Он долго на меня смотрит.

— Ты хочешь вернуться домой? — спрашивает. — Следующий участок дороги контролируют талибы. И если даже проедешь туда, обратно вряд ли пропустят. Будут ждать. И в лучшем случае лишишься мотоцикла. А скорее всего, жизни. Мотоцикл оставим тут. Дальше на машине. Никто не узнает, что в ней туристы едут...

Поначалу возник внутренний протест, ведь мой девиз: «Не отступать и не сдаваться!» Но вскоре понимаю — не тот случай.

В машине Аман продолжает: «Сейчас все изменилось в худшую сторону. Еще год назад талибов в северных провинциях не было, и мы жили спокойно. Но потом Талибан двинулся на север, стал захватывать города — Герат, Кундуз... Мазари-Шариф пока нет, но уже проникли сюда. Так что по ночам в некоторых районах лучше не появляться».

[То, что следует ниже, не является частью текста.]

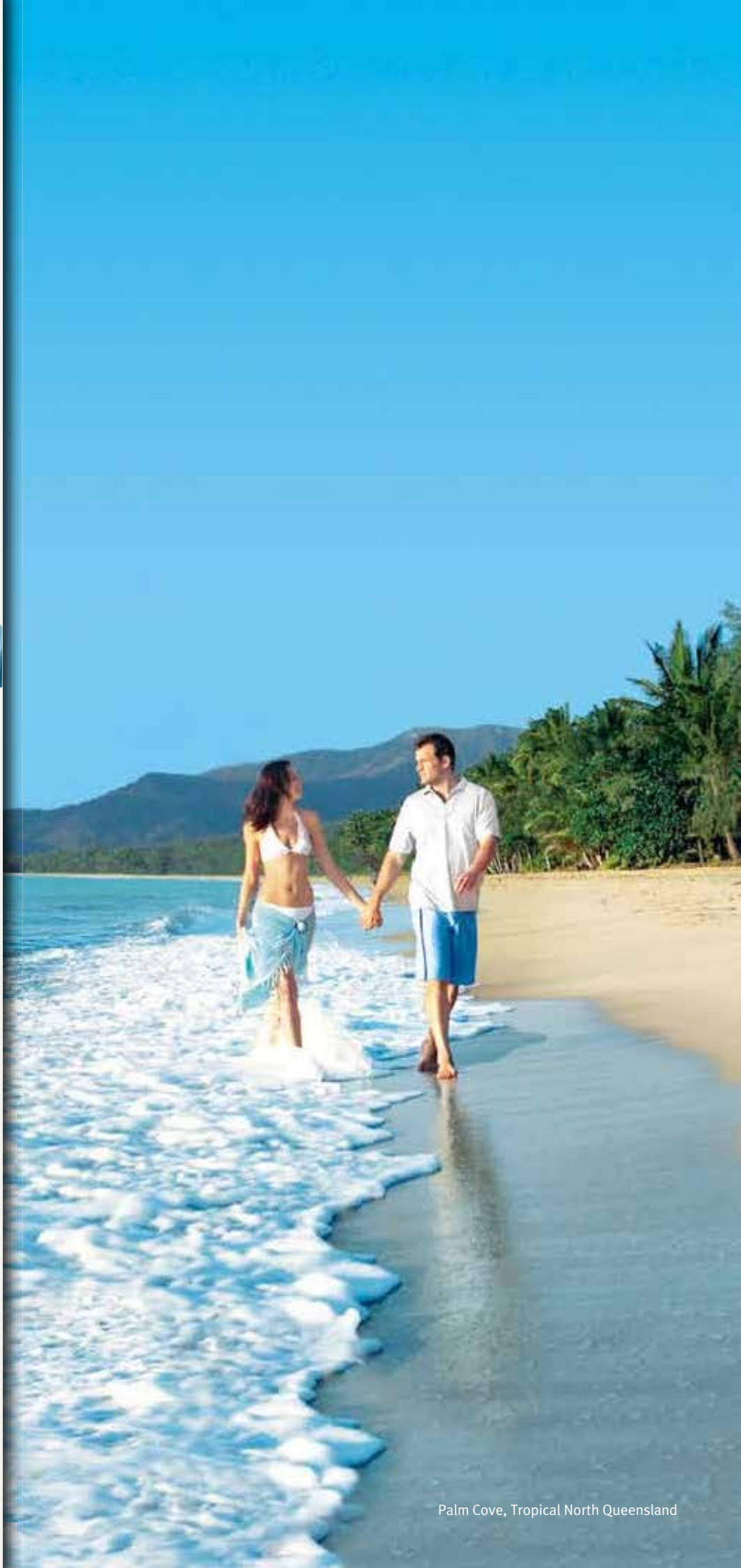
Palm Cove, Tropical North Queensland

Десятилетия тут не стихала гражданская война, и мы запросто можем стать ее жертвами... По словам Амана, днем спецназ контролирует главные дороги (по одной из них мы и едем), а ночью — талибы. Многие считают их лучшими в мире партизанами. Войска НАТО во главе с США вытеснили их из Кабула и ряда провинций, но стоило им уйти из Афганистана, как талибы тут же начали захватывать провинцию за провинцией. Сейчас они контролируют 70% территории страны и уже начинают вторгаться в таджикский Бадахшан.

Въезжаем в Бадахшан.

Вдоль дороги ослики везут то какие-то тюки, то хворост. Глинобитные домики. Старые пикапы «Тойота». Дети играют в мусоре. Мужчины одеты в серые потрепанные халаты и тюрбаны, женщины обычно в черных или синих хиджабах, закрывающих сеточкой даже глаза. Афганистан выглядит диким, нищим, можно сказать — первобытным.

Въехав в одну из невзрачных деревушек, наш водитель «топит газ», и нас вжимает в кресла. Машина сбавляет скорость лишь за ее пределами.

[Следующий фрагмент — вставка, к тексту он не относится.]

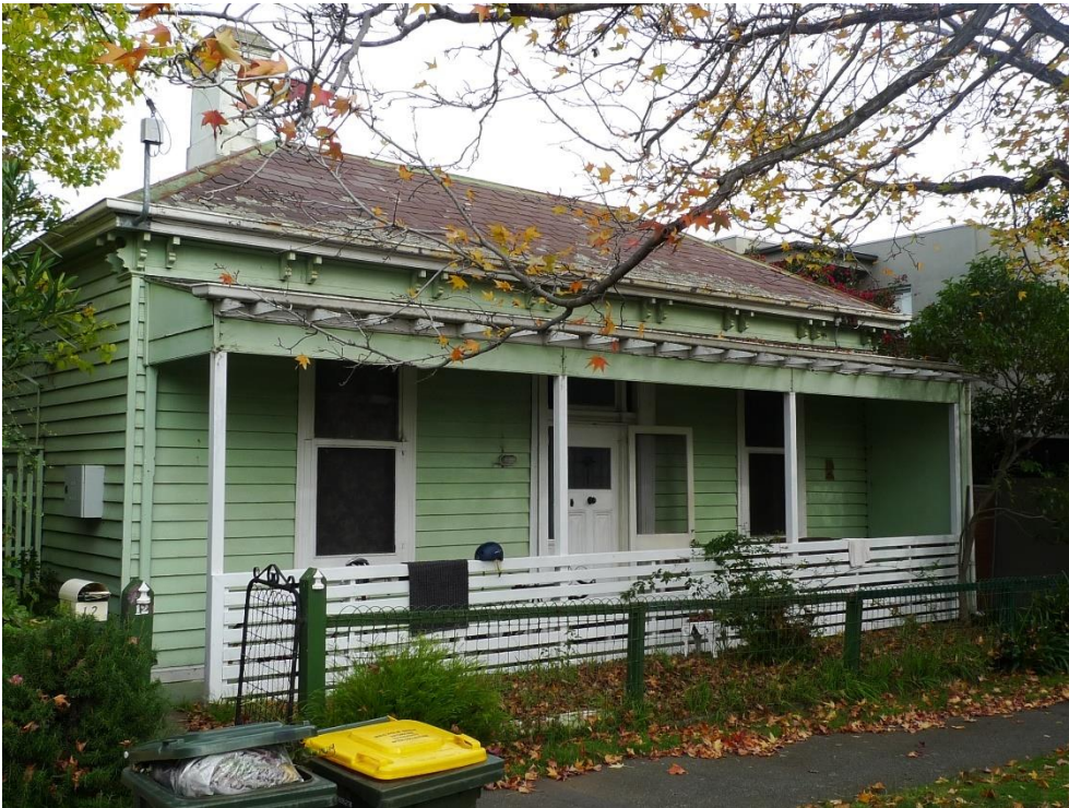
12 Hotham Grove

— Здесь тоже талибы, — поясняет Аман, — Они пришли неделю назад.

— Но не видно никаких людей с оружием...

— Сейчас не видно. Когда надо, они появятся. Это страшные люди, никого не жалеют. В прошлом году двое велосипедистов — русский и украинец — нарвались на талибов, и те просто отрезали им головы.

Ну и как тут расслабишься? Ко всему и дорога не самая простая: идет по пустыне, и местами на асфальт наплывают барханы. По песку машину начинает болтать, и водитель с трудом удерживает ее на дороге.

Вскоре вижу украшенную голубыми куполами двойную арку с портретами местных лидеров. Напомнило Чечню с портретами Кадырова и Путина. Мы въезжаем в центр провинции — Мазари-Шариф, город Священной гробницы.

Голубая мечеть. Мазари Шариф, Афганистан.

На подъезде много военных и щитов с рекламой на местном языке дари. Здесь я слегка успокаиваюсь.

Окраины города тоже в грязи. По сторонам старые ржавые машины и трейлеры, набитые каким-то тряпьем. Многие ездят на мопедах и мотороллерах. Женщины одеты так же — в глухие хиджабы, а мужчины причудливо: например, в длинный халат, поверх которого европейский пиджак. И как контраст с этим средневековьем — современные АЗС, все в частном владении. Въезжаем в центр города. Голубая мечеть напоминает огромный игрушечный домик, разрисованный всеми цветами радуги. Разноцветная мозаика играет на ярком солнце. Ни в Самарканде, ни в Бухаре, ни в Чечне такой красоты нет. Я настолько восхищен, что чувствую себя немножко предателем своей веры.

За красочным фасадом — целый комплекс построек. Главная — гробница зятя и двоюродного брата пророка Мохаммеда.

— Этого халифа почитают и сунниты, и шииты, — поясняет Аман.

— А чем они отличаются?

— По большому счету, ничем. Просто шииты считают, что духовными лидерами мусульман должны быть только потомки пророка Мохаммеда, а сунниты — что лидеров можно выбирать. Еще есть небольшие различия в ритуалах, в молитвах... Но из-за таких мелочей люди убивают друг друга!

Перед входом снимаем обувь и двигаемся за Аманом.

По дороге на Памир.

— Держитесь рядом со мной, — тихо говорит тот. — Сейчас день, но нет гарантии, что среди нормальных людей нет талибов. На чужаков-туристов, они обязательно обратят внимание, а дальше могут быть проблемы...

Опять напряг, вместо того, чтобы наслаждаться красотой.

В первом зале вижу огромный чан, назначения которого не понимаю. Оторвавшись от Амана, перехожу во второй зал, где под потолком — красочный разноцветный орнамент. Рассматриваю его, задрав голову, и вдруг вбегают два человека с автоматами!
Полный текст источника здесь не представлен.